[Data below]
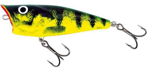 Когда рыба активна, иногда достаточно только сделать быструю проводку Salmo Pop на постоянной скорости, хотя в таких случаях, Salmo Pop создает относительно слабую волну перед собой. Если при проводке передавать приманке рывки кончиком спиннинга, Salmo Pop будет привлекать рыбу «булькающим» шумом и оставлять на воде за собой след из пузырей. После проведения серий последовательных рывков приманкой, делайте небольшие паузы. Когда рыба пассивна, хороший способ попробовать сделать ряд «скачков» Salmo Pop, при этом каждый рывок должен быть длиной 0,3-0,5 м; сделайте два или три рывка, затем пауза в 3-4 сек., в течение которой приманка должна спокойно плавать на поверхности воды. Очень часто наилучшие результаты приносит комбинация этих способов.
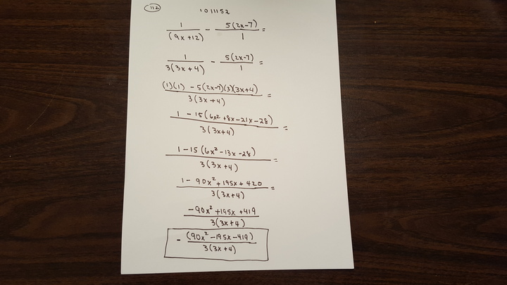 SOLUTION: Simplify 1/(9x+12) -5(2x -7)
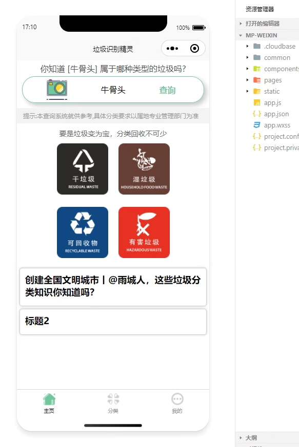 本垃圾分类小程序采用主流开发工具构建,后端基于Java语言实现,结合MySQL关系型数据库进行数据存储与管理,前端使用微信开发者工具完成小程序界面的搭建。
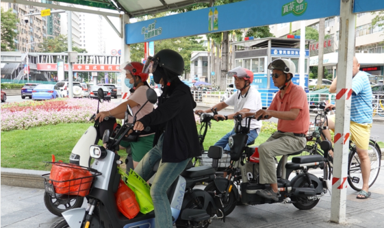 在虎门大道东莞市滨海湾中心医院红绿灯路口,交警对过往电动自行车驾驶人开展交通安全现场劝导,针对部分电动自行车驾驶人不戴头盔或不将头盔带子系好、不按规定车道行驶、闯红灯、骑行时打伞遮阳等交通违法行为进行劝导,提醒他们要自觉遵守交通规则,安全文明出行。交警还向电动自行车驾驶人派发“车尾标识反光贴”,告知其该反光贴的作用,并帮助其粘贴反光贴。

[Required action]
In full and without change, repeat the material above, minus the pictures.

[Your solution]
 Когда рыба активна, иногда достаточно только сделать быструю проводку Salmo Pop на постоянной скорости, хотя в таких случаях, Salmo Pop создает относительно слабую волну перед собой. Если при проводке передавать приманке рывки кончиком спиннинга, Salmo Pop будет привлекать рыбу «булькающим» шумом и оставлять на воде за собой след из пузырей. После проведения серий последовательных рывков приманкой, делайте небольшие паузы. Когда рыба пассивна, хороший способ попробовать сделать ряд «скачков» Salmo Pop, при этом каждый рывок должен быть длиной 0,3-0,5 м; сделайте два или три рывка, затем пауза в 3-4 сек., в течение которой приманка должна спокойно плавать на поверхности воды. Очень часто наилучшие результаты приносит комбинация этих способов.
 SOLUTION: Simplify 1/(9x+12) -5(2x -7)
 本垃圾分类小程序采用主流开发工具构建,后端基于Java语言实现,结合MySQL关系型数据库进行数据存储与管理,前端使用微信开发者工具完成小程序界面的搭建。
 在虎门大道东莞市滨海湾中心医院红绿灯路口,交警对过往电动自行车驾驶人开展交通安全现场劝导,针对部分电动自行车驾驶人不戴头盔或不将头盔带子系好、不按规定车道行驶、闯红灯、骑行时打伞遮阳等交通违法行为进行劝导,提醒他们要自觉遵守交通规则,安全文明出行。交警还向电动自行车驾驶人派发“车尾标识反光贴”,告知其该反光贴的作用,并帮助其粘贴反光贴。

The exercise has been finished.